Menjadi janda apalagi janda muda bukan perkara mudah. Dibutuhkan kekuatan luar biasa agar bisa hidup mandiri dalam kondisi tekanan psikis dan materi dalam menghadapi berbagai persoalan hidup. Apalagi ada beberapa anak yang menjadi tanggung jawab dia sebagai orang tua tunggal. Banyak yang gagal tapi tidak sedikit yang berhasil.
Teman juga bercerita tentang sosok ibunya yang menjadi inspirasi hidup bagi dirinya.
Mereka tiga bersaudara. Ibunya menjadi janda lantaran ditinggal pergi sama suami karena alasan tertentu. Mereka hidup tanpa ayah sejak kecil. Untuk memenuhi kebutuhan hidup mereka, ibunya bekerja serabutan. Menjadi tukang cuci, berjualan, dan mengerjakan apa saja yang penting halal.Â
Satu komitmen mereka bahwa apapun terjadi anak-anak harus tetap sekolah. Bagi mereka pendidikan adalah "the way" dalam usaha mengubah nasib.
Dengan kerja keras dan doa, ketiga saudara ini berhasil menamatkan pendidikan. Untungnya mereka dikaruniai kecerdasan yang baik. Mungkin juga karena komitmen mereka untuk selalu tekun belajar sehingga prestasi belajar mereka sangat baik, sejak SD sampai perguruan tinggi.
Usaha keras ibu mereka ditambah doa tulus seorang ibu membawa kakak sulungnya menjadi PNS. Dengan menjadi PNS yang jelas beban ibu mereka yang semakin renta berkurang. Selanjutnya kakak sulung bertanggung jawab atas mereka. Sampai hari ini si bungsu sudah menjadi seorang dokter. Penderitaan hidup membawa mereka dalam kesuksesan.
Sebagai guru saya mendapati beberapa anak didik saya bernasib sama seperti saya. Ketika saya tanya apakah nanti kalian akan kuliah?

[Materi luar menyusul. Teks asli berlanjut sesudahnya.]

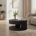 Round Coffee Table With Storage, Vertical Stripe Design - Black
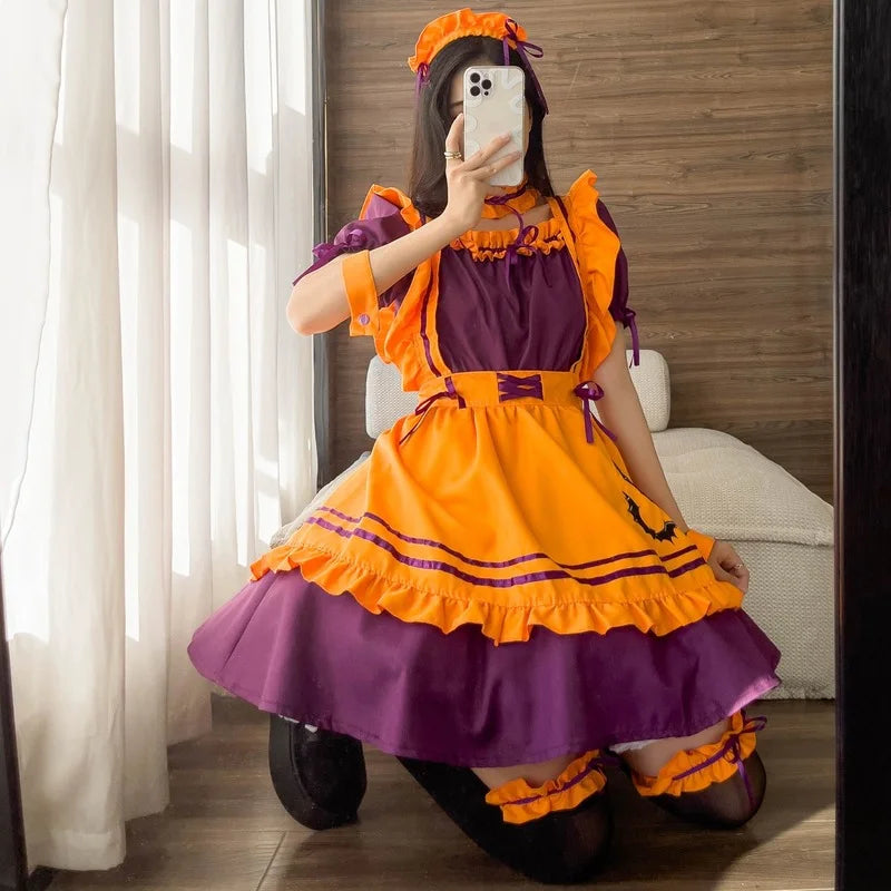 Get ready for enchanting cosplay with the Lilac set. This adorable six-piece outfit includes a charming purple maid dress, apron, headwear, sleeve covers, collar, and leg rings, making it perfect for Halloween, anime parties, or Lolita-inspired events. Designed for sizes S to 5XL, Lilac offers both elegance and comfort with bow accents and soft polyester fabric.
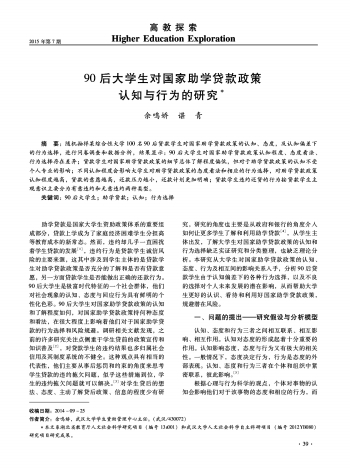 高教探索 教育管理·90后大学生对国家助学贷款政策认知与行为的研究 041 2015-07-101 2015年07月10日 星期五
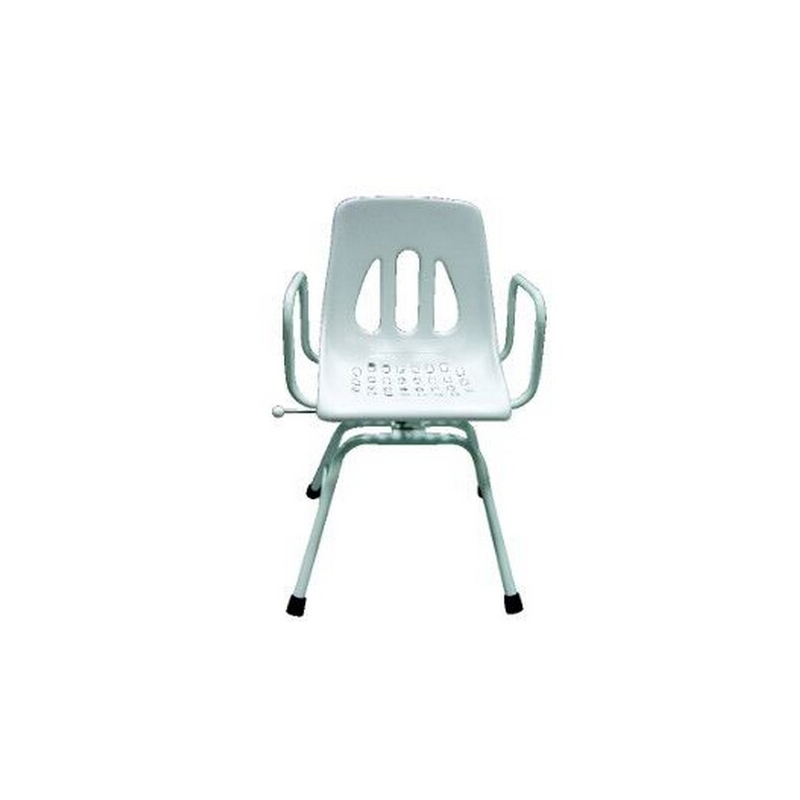 Denna praktiska duschstol kan vridas i duschkaret. Sparas plats är det lättare att sitta vänd mot dörren och sedan vända sig om. Struktur i epoxistål och sits med stor komfort.
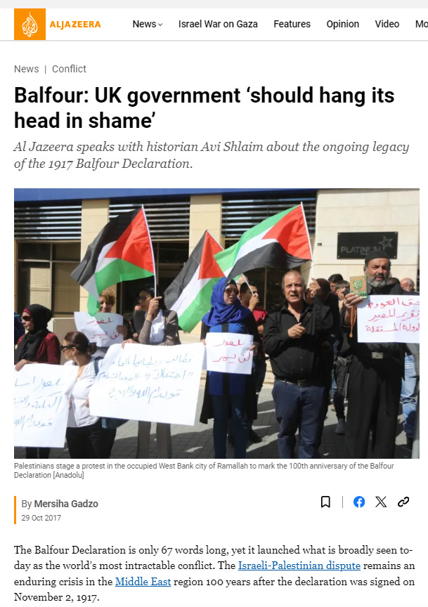 We have exposed that the 1917 Balfour Declaration, a colonialist document that conferred the rights of the 90% Palestinian majority over to a 10% minority, was horrifically flawed from its inception. According to Avi Shlaim, the Balfour Declaration “completely disregarded the rights and aspirations of the people of [Palestine].“ [Emphasis added.]
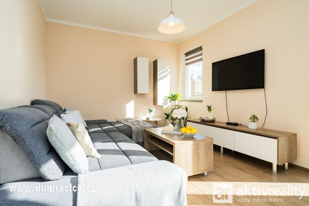 Račice: bungalov 4+kk (2020) + objekt cca 50 m², FVE 7,5 kWp + baterie 10,5 kW, pozemek 999 m²
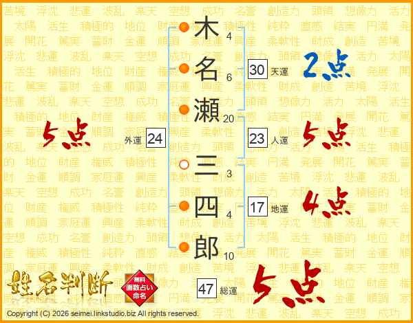 木名瀬三四郎さんの総運は47画の5点!
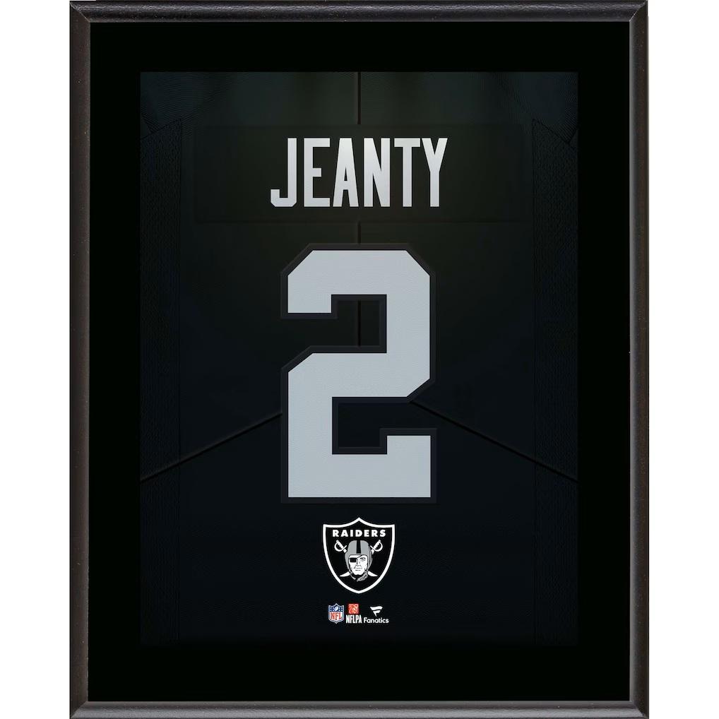 Sublimated player plaque measures 10" x 13" in size and features the jersey number for Ashton Jeanty (Las Vegas Raiders).

"Tidak, Bapak e. Tidak punya uang," begitu jawab mereka.
Jawaban ini yang selalu keluar dari mereka. Ketika saya bertemu dengan orang tua mereka saya selalu bilang ayo bapak ibu lanjutkan anak-anak kalian ke jenjang pendidikan tinggi. Tapi apa? Ekspresi yang tampak adalah selalu pesimis.
Sebenarnya jika orang mau berusaha dan berjuang habis-habisan orang bisa sukses. Banyak kok orang sukses gagal berkali-kali sebelum membawa mereka pada tangga kesuksesan.